Insoluble non-collagenous cartilage glycoproteins with aggregating sub-units

Abstract

Two insoluble non-collagenous glycoprotein fractions (A and G) have been separated from puppy rib cartilage, following extraction of most of the proteoglycan and digestion of the insoluble residue with purified collagenase. After reduction, alkylation and extraction with sodium dodecylsulfate most of each protein is solubilized. Gel electrophoresis of solubilized A or G shows the presence of either one or two bands and gel chromatography shows both high and low molecular weight peaks. The production of a low molecular weight electrophoresis band from the high molecular weight Sephadex fraction indicates that there is aggregation and disaggregation of sub-units in sodium dodecylsulfate. Both A and G are high in aspartate plus glutamate and have a low hydroxyproline content.

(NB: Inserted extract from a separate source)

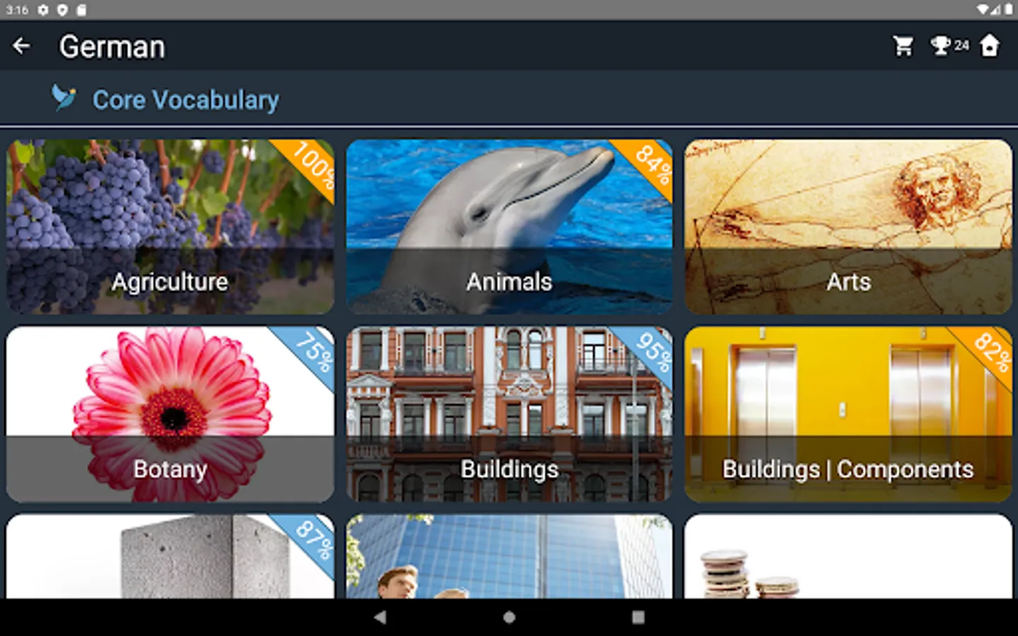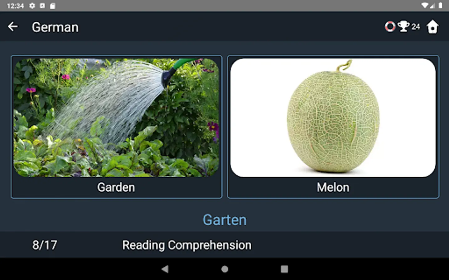 This app does not teach German. It assumes that you already have sufficient knowledge of German and specializes in assessing your proficiency.

The insoluble A and G both contain hexose, uronic acid, galactosamine, glucosamine and a small amount of sialic acid, but they differ in their contents of hexose and six amino acids. They both form single bands in CsCl gradients but they differ in density. Electron microscopy shows that both insoluble glycoprotein fractions stain with lead, ruthenium red, or alcian blue plus phosphotungstate and that G contains many fine filaments. Material with the same appearance and staining properties was found to occur on the surface of collagen fibres in the undigested cartilage residue.